Three professional golfers who swung at a head speed of 45 to 48 m/sec. actually hit the golf balls to examine their hitting feel. The ball was rated “⊚” when it was felt very soft, “∘” when soft, “Δ” when a little hard, and “×” when hard.
| ||TABLE 1 |
| || |
| || |
| ||E1 ||E2 ||E3 ||E4 ||E5 ||E6 ||E7 ||CE 1 ||CE 2 ||CE 3 ||CE 4 |
| || |
|Inner sphere || || || || || || || || || || ||Commercially |
|Diameter (mm) ||35.30 ||35.30 ||33.90 ||33.50 ||35.30 ||30.00 ||27.00 ||38.50 ||38.50 ||36.50 ||available |
|Shore D ||47 ||45 ||40 ||45 ||45 ||35 ||29 ||45 ||53 ||49 ||wound |
|Surrounding layer || || || || || || || || || || ||balata |
|Diameter (mm) ||37.90 ||37.90 ||37.90 ||36.10 ||37.90 ||37.90 ||37.70 ||— ||— ||— ||ball |
|Shore D ||68 ||73 ||68 ||68 ||68 ||65 ||65 ||— ||— ||— |
|Inner cover layer |
|Gage (mm) ||1.25 ||1.25 ||1.25 ||1.50 ||1.25 ||1.00 ||1.50 ||— ||— ||1.60 |
|Shore D ||40 ||45 ||40 ||40 ||35 ||40 ||35 ||— ||— ||68 |
|Outer cover layer |
|Gage (mm) ||1.15 ||1.15 ||1.15 ||1.80 ||1.15 ||1.40 ||1.00 ||2.10 ||2.10 ||1.50 |
|Shore D ||47 ||51 ||51 ||55 ||47 ||53 ||43 ||65 ||53 ||55 |
|Diameter (mm) ||42.70 ||42.70 ||42.70 ||42.70 ||42.70 ||42.70 ||42.70 ||42.70 ||42.70 ||42.70 |
|Hardness* ||2.90 ||2.85 ||3.10 ||2.80 ||3.20 ||2.75 ||2.85 ||2.80 ||2.40 ||2.40 |
|Spin (rpm) ||2980 ||2870 ||2810 ||2920 ||3010 ||2790 ||2880 ||2690 ||2850 ||2870 ||3255 |
|Carry (m) ||210.8 ||211.3 ||210.2 ||210.6 ||210.7 ||211.1 ||210.8 ||208.2 ||208.7 ||210.3 ||207.9 |
|Total (m) ||224.6 ||225.3 ||224.3 ||224.5 ||224.2 ||225.5 ||224.8 ||223.1 ||223.5 ||224.3 ||221.6 |
|Feel ||∘ ||∘ ||⊚ ||∘ ||∘ ||⊚ ||⊚ ||∘ ||X ||∘ ||⊚ |
|Spin (rpm) ||6020 ||5770 ||5810 ||5580 ||6080 ||5760 ||6160 ||4130 ||5670 ||5920 ||6070 |
|Launch angle (°) ||30.0 ||30.6 ||30.4 ||31.1 ||29.8 ||30.6 ||29.6 ||34.3 ||30.8 ||30.2 ||29.8 |
|Spin (rpm) ||6450 ||6370 ||6300 ||6280 ||6350 ||6400 ||6500 ||5200 ||5450 ||5340 ||6450 |
|Carry (m) ||151.4 ||151.8 ||151.9 ||152.0 ||151.6 ||151.9 ||151.0 ||156.7 ||156.0 ||156.0 ||151.2 |
|Total (m) ||151.6 ||152.0 ||152.5 ||152.5 ||152.0 ||152.1 ||151.0 ||160.2 ||159.1 ||160.0 ||151.5 |
|Putt ||⊚ ||∘ ||∘ ||∘ ||⊚ ||∘ ||⊚ ||X ||Δ ||X ||∘ |
Japanese Patent Application No. 171520/1995 is incorporated herein by reference.
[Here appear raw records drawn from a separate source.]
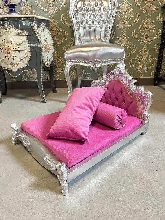 Haustierbett, französisches Hundebett im antiken Stil mit Gold-Finish, süßes Katzenbett im Barock-Rokoko-Stil aus pinkfarbenem und violettem Samt für ein glückliches Haustier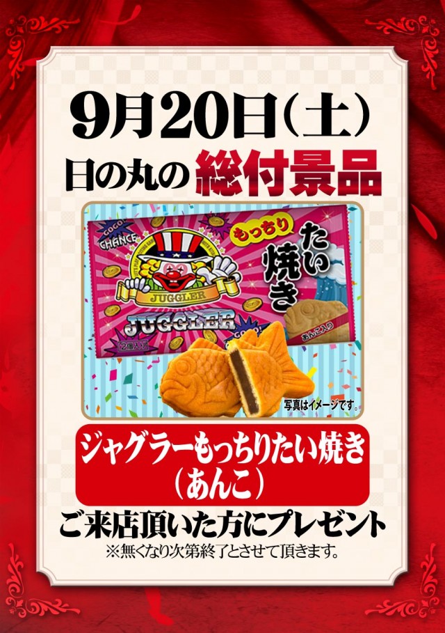 本日総付景品🌟ジャグラーもっちりたい焼き配布します🐟🎁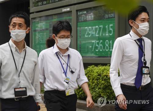 epa09494782 Pedestrians walk past a display showing the Nikkei Stock Average during an afternoon trade session in Tokyo, Japan, 29 September 2021. Tokyo's Nikkei Stock Average fell 639.67 points, or 2.12 percent, to close at 29,544.29 after Wall Street lost more than 569 points amid potential US debt default woes. EPA/KIMIMASA MAYAMA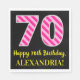 Fun Pink Stripes "70"; Happy 70th Birthday; Name Napkin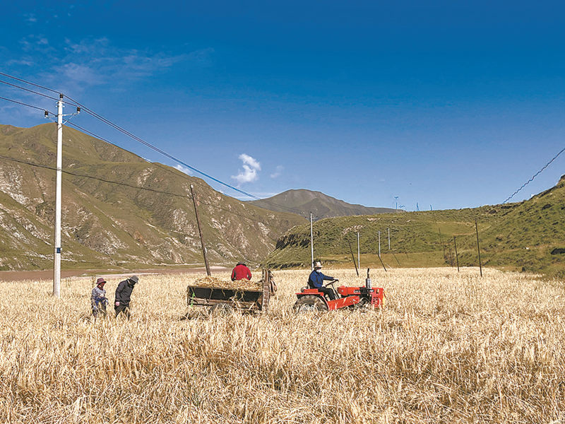 近年來(lái),玉樹(shù)州始終將農(nóng)牧業(yè)作為基礎(chǔ)產(chǎn)業(yè)和特色產(chǎn)業(yè)進(jìn)行培育。圖為豐收時(shí)節(jié)村民們正在忙碌著收割、搬運(yùn)青稞。青海日?qǐng)?bào)記者 程宦寧 攝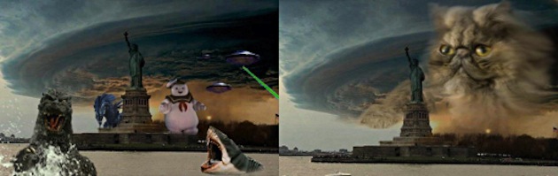 L’image ci-dessus à gauche cumule diverses menaces de cinéma : Godzilla, le requin géant des dents de la mer ou de Shark attack, des soucoupes volantes, le marshmallow man du film Ghostbusters. On retrouve aussi Godzilla derrière la statue de Neptune de Virginia Beach.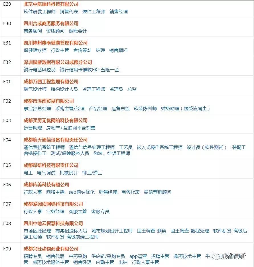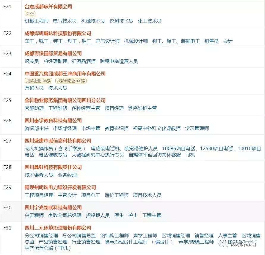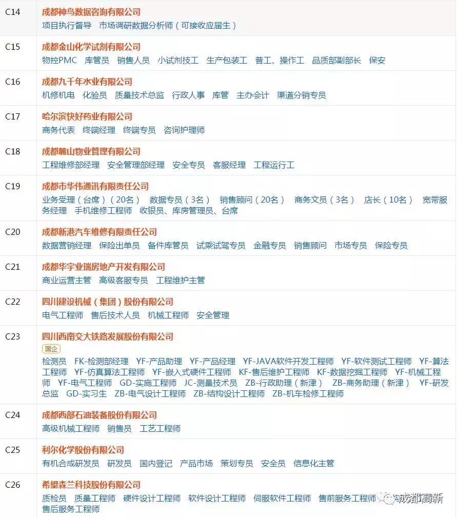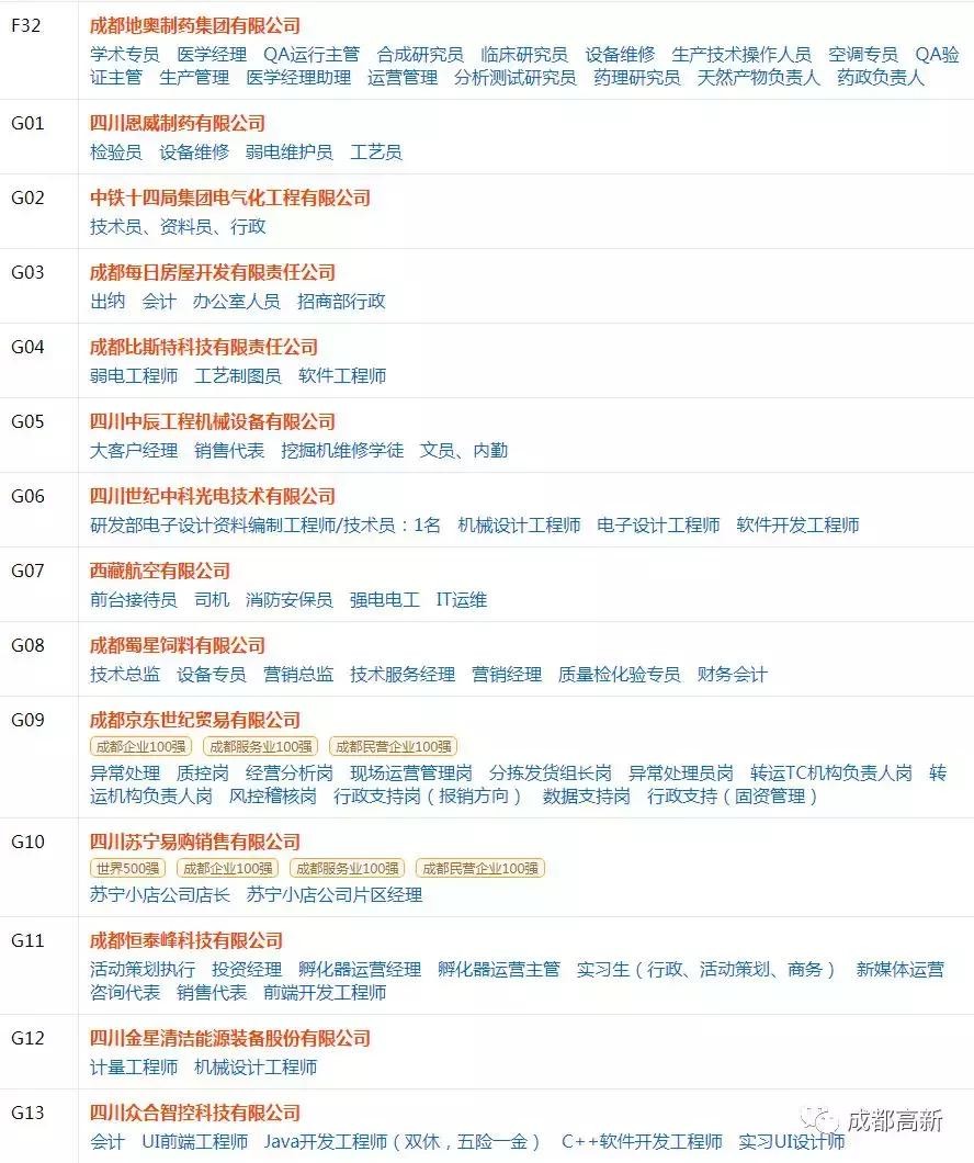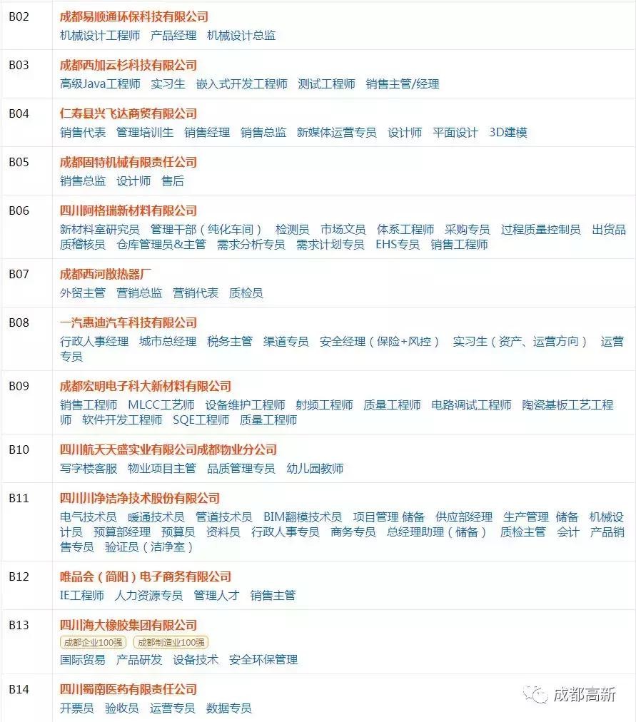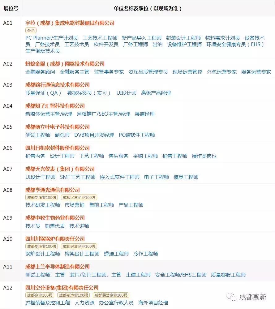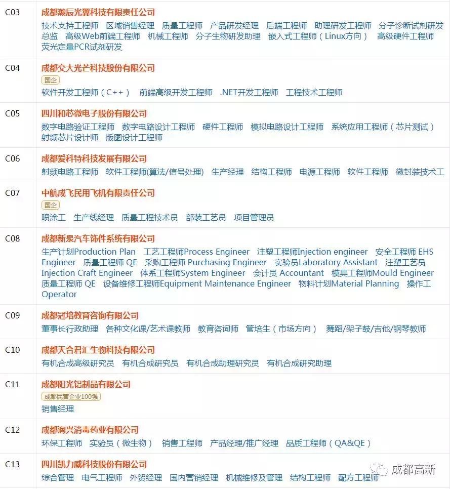 招聘会现场将有来自全市的300家企业参会,其中不乏代表成都市产业发展方向的支柱产业和高新技术企业。中航成飞、联想电子、士兰半导体、十九冶等大型集团及其旗下企业,也有利尔化学、苏宁易购、京东、云图控股等优质上市股份公司,还有成都交大光芒、交大铁路发展股份有限公司等国有企业。据统计,参会单位已发布各类中高级岗位和基础岗位8000余个。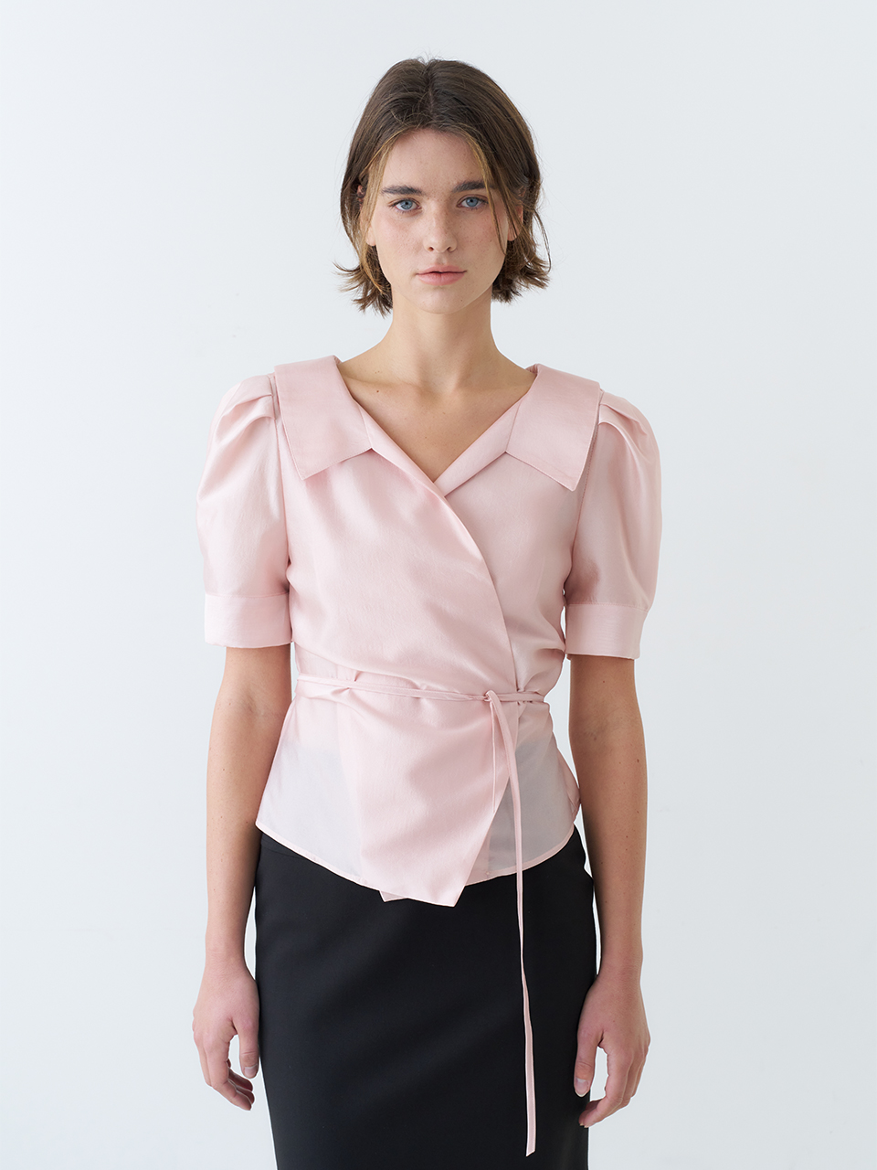 PUFF SLEEVE GLOSSY COLLAR WRAP BLOUSE_PINK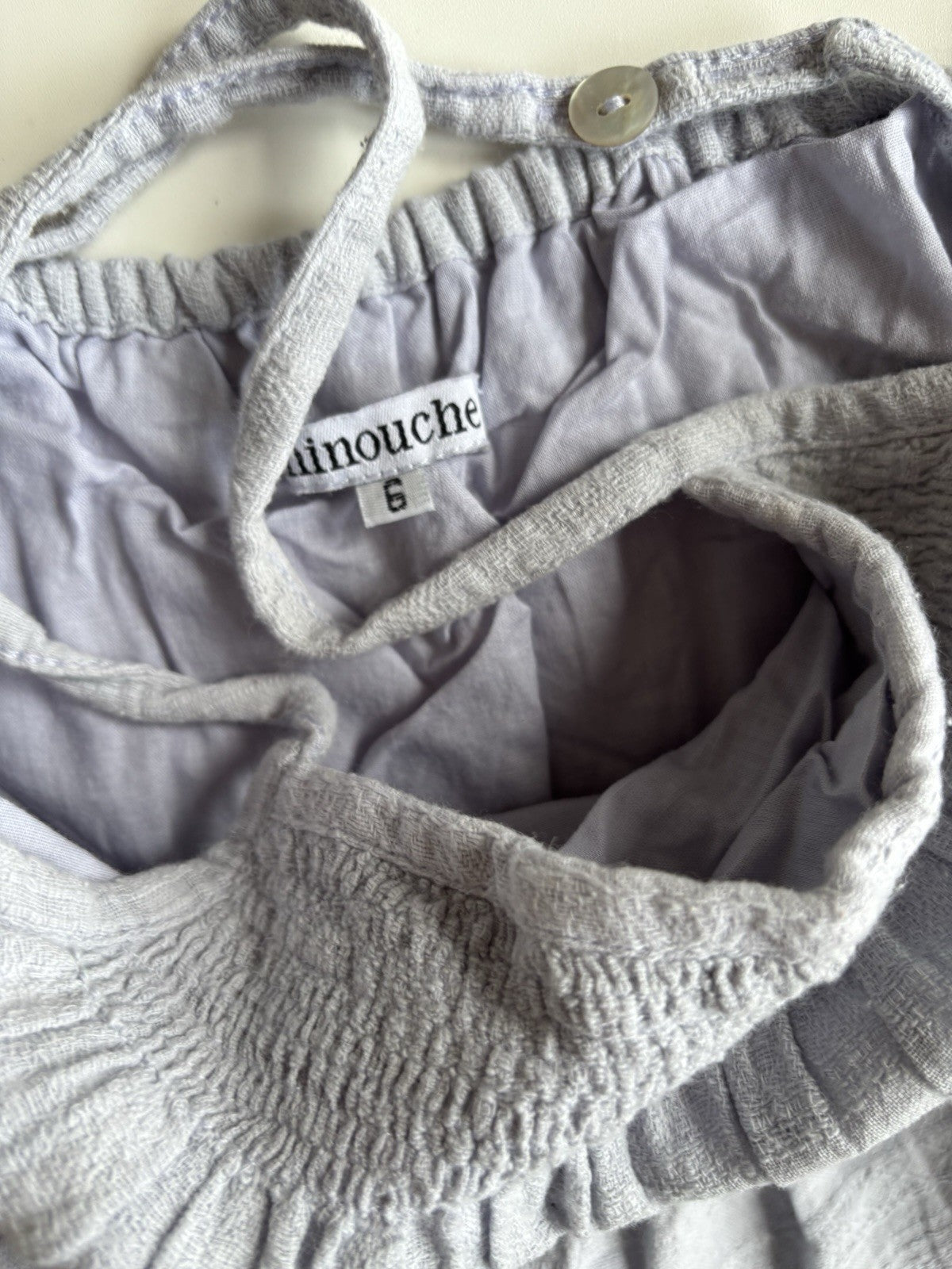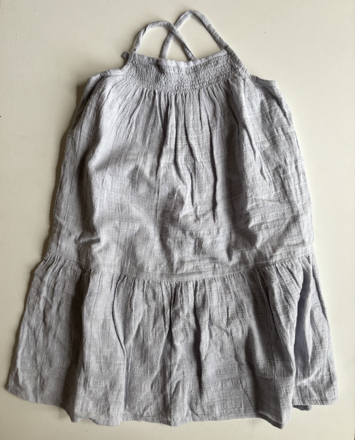 Minouche kids girls size 6 grey textured smocked summer dress, VGUC

Although some preferred embodiments have been described, many modifications and variations may be made thereto in the light of the above teachings. It is therefore to be understood that within the scope of the appended claims, the invention may be practiced otherwise than as specifically described.